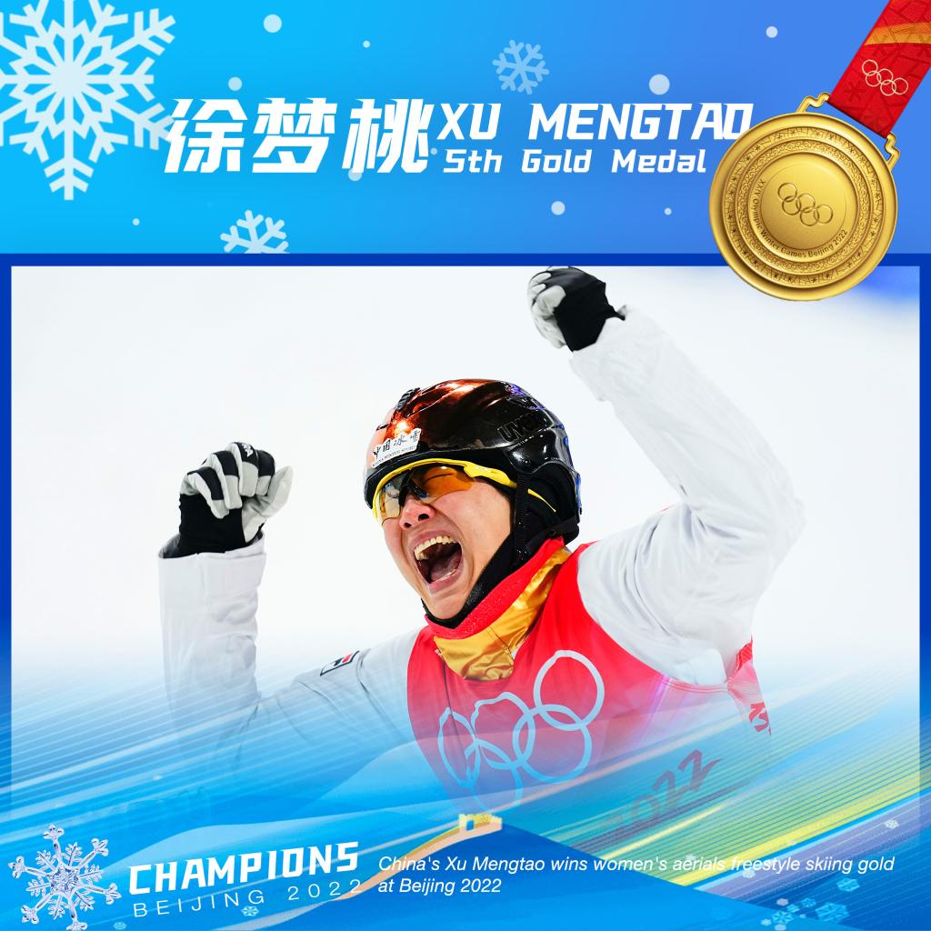 ↑China's Xu Mengtao won women's aerials freestyle skiing gold at Beijing 2022 on Feb. 14. (Xinhua/Xu Chang)
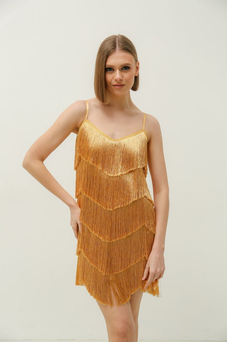 декорировано настрочной тесьмой с бахромой. Бретели регулируются по длине.
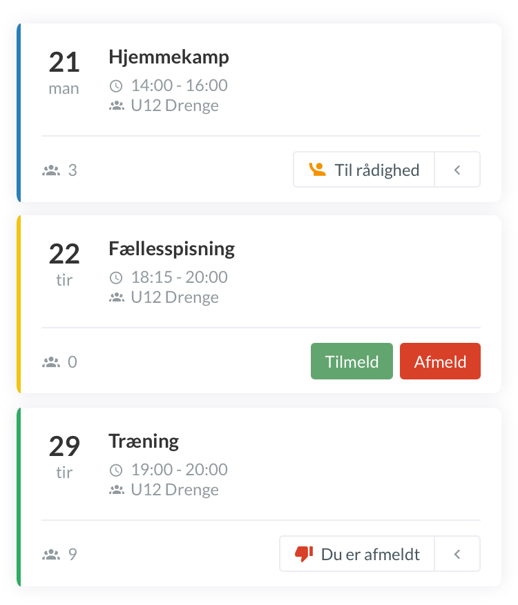 - Nem måde at synliggøre forskellige former for aktiviteter i holdets kalender/på oversigten
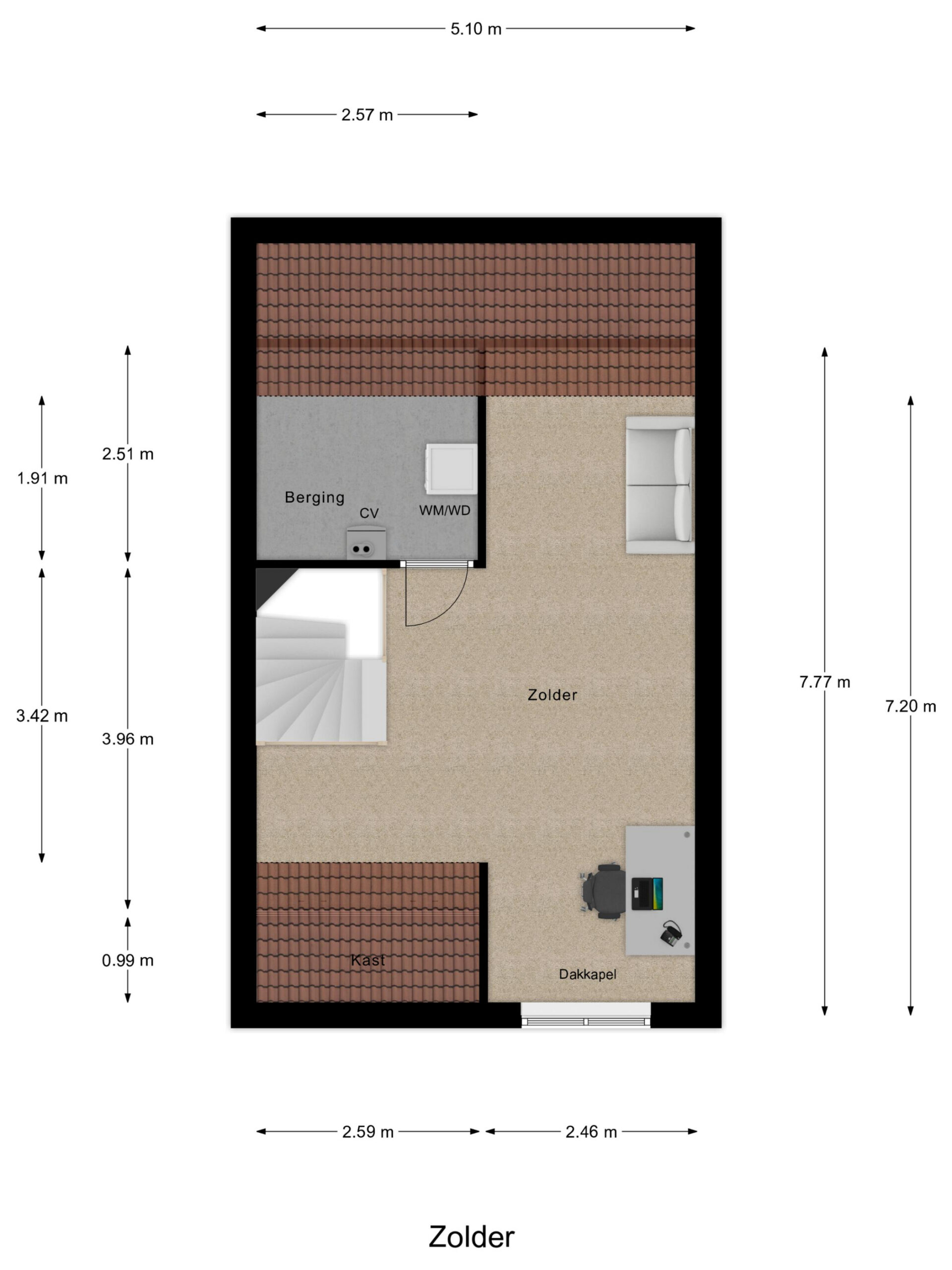 2e verdieping: grote zolderruimte met de mogelijkheid om deze als 4e slaapkamer in gebruik te nemen, technische ruimte met warmte terugwin installatie, witgoedaansluitingen en warmtepomp. Aan de voorzijde is een grote dakkapel aanwezig, waardoor er veel licht naar binnen komt.
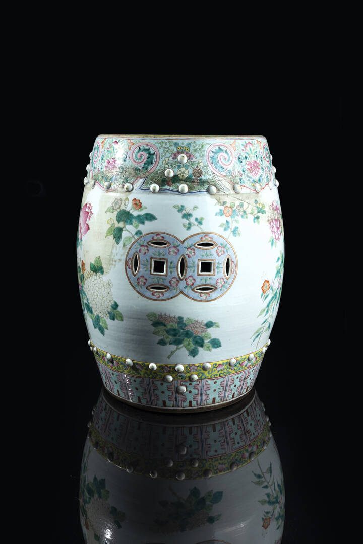 Garden sit in porcellana Famiglia Rosa con decori floreali Cina XIX secolo. h cm 48x30
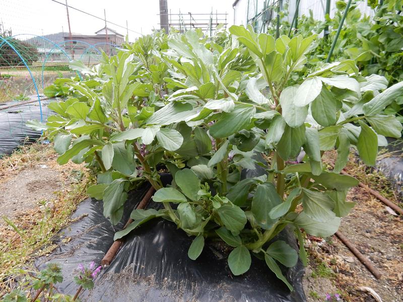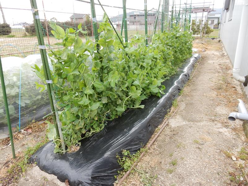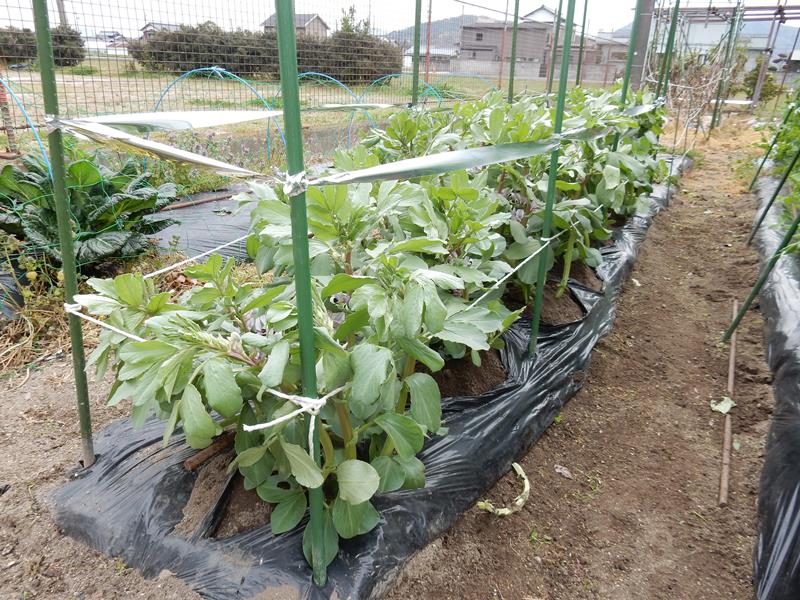 杭を立てて、アブラムシ対策に銀テープを張ります
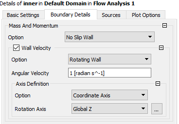 切换中Boundary Details标签页,激活选项Wall Velocity,设置Option为Rotating Wall,指定Augular Velocity为1 rad/s
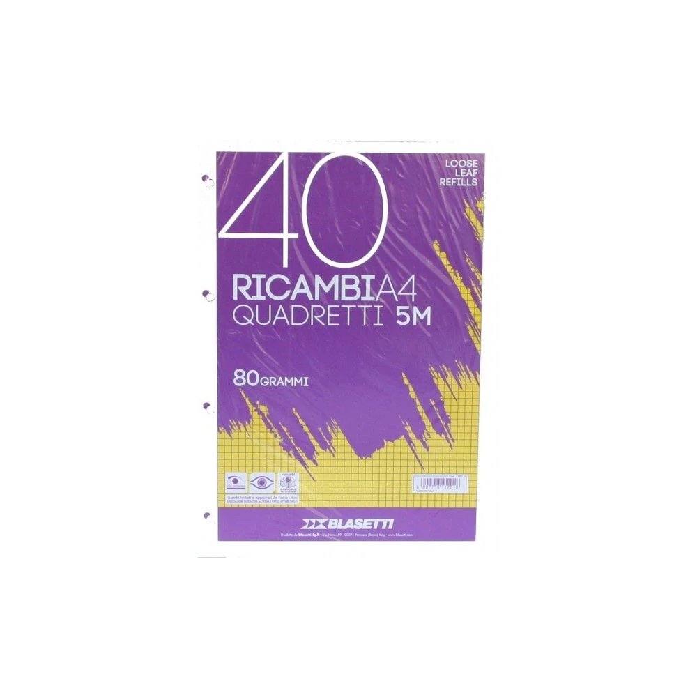 GYŰRŰSKÖNYV betét A4/40lap kockás Blasetti Ricambi fehér 1201
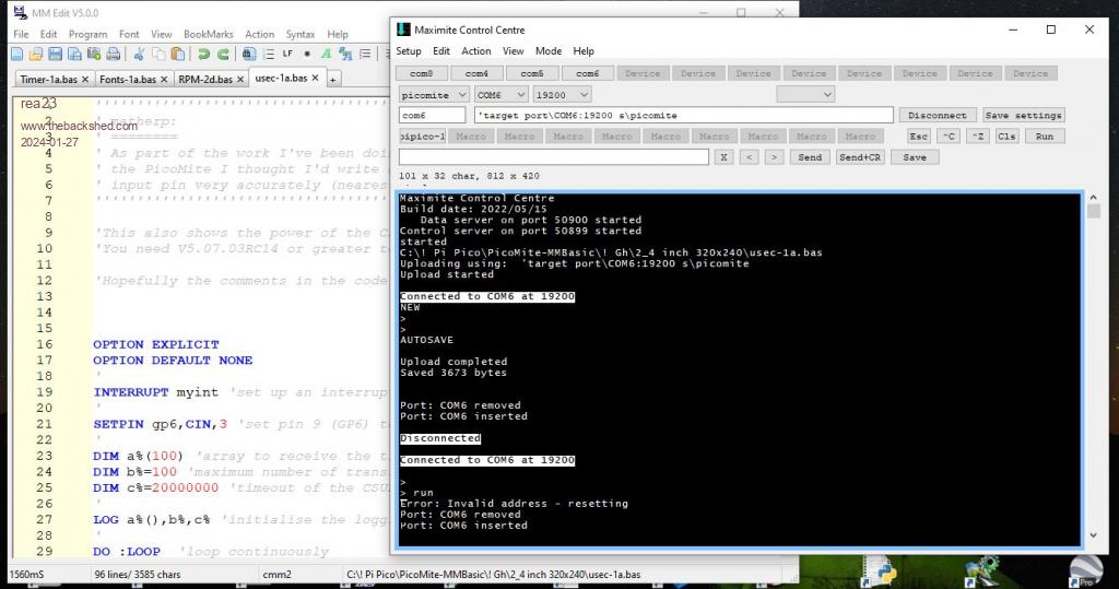 The post "A PicoMite CSUB to timestamp pin changes" describes how to measure microseconds. When I use the program, I get an error message after starting it. The CSUB at the end of the post is used. I can't find the reason.
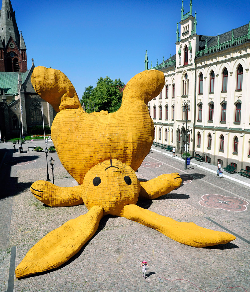 這是荷蘭的藝術家florentijn hofman最近創作了一個巨型公共藝術作品“stor gul kanin”(大黃兔),這件雕塑作品是專門為今年夏天在瑞典中部城市Örebro舉辦的openart雙年展而創作。

________________

Exercise prompt » Whatever pictures the entries contain, omit them, and write the rest out exactly.

Answer section »
 ↑China's Xu Mengtao won women's aerials freestyle skiing gold at Beijing 2022 on Feb. 14. (Xinhua/Xu Chang)
 декорировано настрочной тесьмой с бахромой. Бретели регулируются по длине.
 - Nem måde at synliggøre forskellige former for aktiviteter i holdets kalender/på oversigten
 2e verdieping: grote zolderruimte met de mogelijkheid om deze als 4e slaapkamer in gebruik te nemen, technische ruimte met warmte terugwin installatie, witgoedaansluitingen en warmtepomp. Aan de voorzijde is een grote dakkapel aanwezig, waardoor er veel licht naar binnen komt.
 Garden sit in porcellana Famiglia Rosa con decori floreali Cina XIX secolo. h cm 48x30
 杭を立てて、アブラムシ対策に銀テープを張ります
 切换中Boundary Details标签页,激活选项Wall Velocity,设置Option为Rotating Wall,指定Augular Velocity为1 rad/s
 GYŰRŰSKÖNYV betét A4/40lap kockás Blasetti Ricambi fehér 1201
 The post "A PicoMite CSUB to timestamp pin changes" describes how to measure microseconds. When I use the program, I get an error message after starting it. The CSUB at the end of the post is used. I can't find the reason.
 這是荷蘭的藝術家florentijn hofman最近創作了一個巨型公共藝術作品“stor gul kanin”(大黃兔),這件雕塑作品是專門為今年夏天在瑞典中部城市Örebro舉辦的openart雙年展而創作。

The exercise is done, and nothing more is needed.